Their original plan was to put electricity onto supermarket shelves – selling tokens and top-up packs in stores – and the website attempts to imitate this model by offering a range of products, with unit prices, packages and special offers.

As a customer I think I’d be confused as to which product to choose. It’s not like the electricty itself comes in different colours, sizes or personalities – just make sure my heater works when I plug it in!

I asked Powershop if their system will give customers the best deal possible at all times. They replied: “You can select ‘buy the cheapest’ for auto-purchase- this will buy the cheapest everyday product, but ‘specials’ are excluded”. So they’re on the right track.

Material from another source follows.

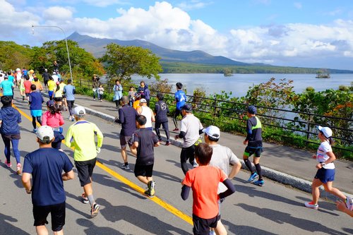 人気イベント「北海道大沼グレートラン・ウォーク」が行われ、大勢のランナーや応援の皆さんで賑わいました。ゴールでは今が旬のリンゴなど地元特産品のふるまいも。
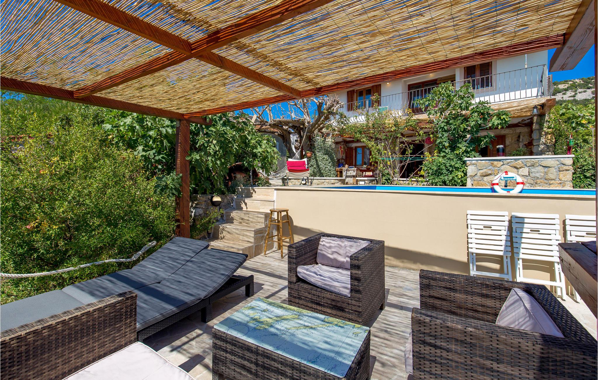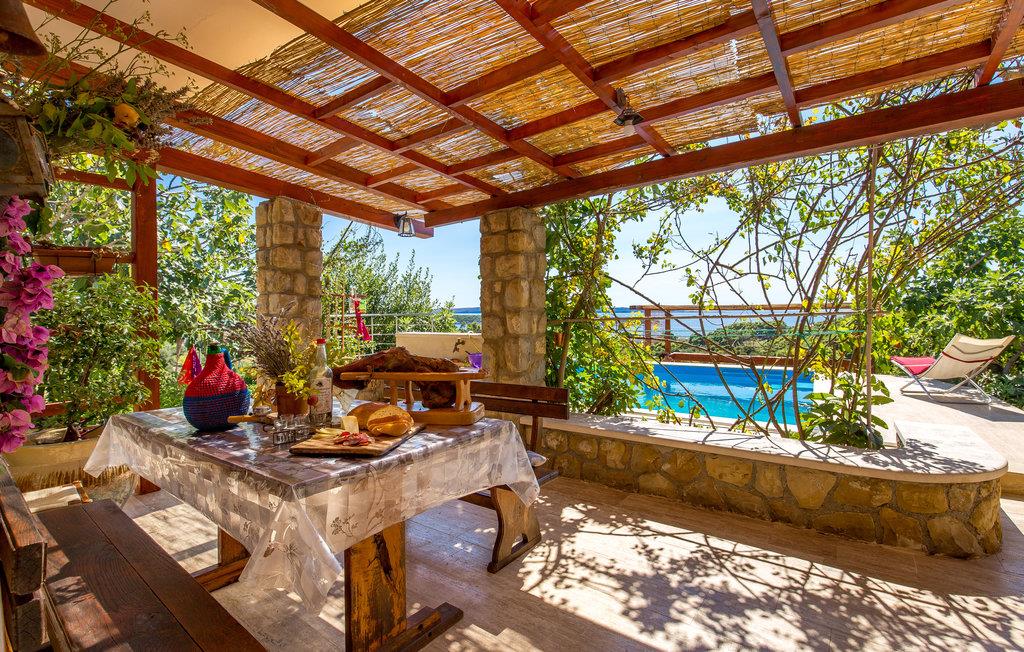 In diesem zweistöckigen Steinhaus finden Sie Ruhe und eine ländliche Atmosphäre fernab vom Alltagsstress. Mit einem privaten, gemütlichen Garten und den drei Schlafzimmern bietet Ihnen dieses Haus viel Platz. In der kombinierten Küche und Esszimmer können Sie neben rustikalen Steinwänden und dem offenen Kamin gemeinsam essen. Am Esstisch auf der Terrasse können Sie ebenso gemeinsam essen und den Blick auf das Meer und die Insel genießen. Im Garten können Sie sich in die Hängematte legen, in den privaten Pool springen, grillen oder sich am Ende des Tages auf die teilweise überdachte Terrasse setzen und ein Glas Wein und den Meerblick genießen.

My conclusion is that Powershop is the most innovative thing happening for electricity consumers in New Zealand right now, but they need to rethink HOW they sell their products so customers are stepping into a familiar shopping environment (e.g. for mobile phones everyone understands ‘Pre-Pay’, then you can have add-ons such as ‘TXT a Mate’ for a fixed monthly fee).

Perhaps Powershop will reach it’s potential when smart meters are ubiquitous and they can select the best rate for my household based on my actual usage habits and preferences (e.g. “only sell me electricity from wind power”). I look forward to that time.

DISCLAIMER: The author is currently a Contact Energy customer.
SMART METER IMAGE: Wikimedia Commons.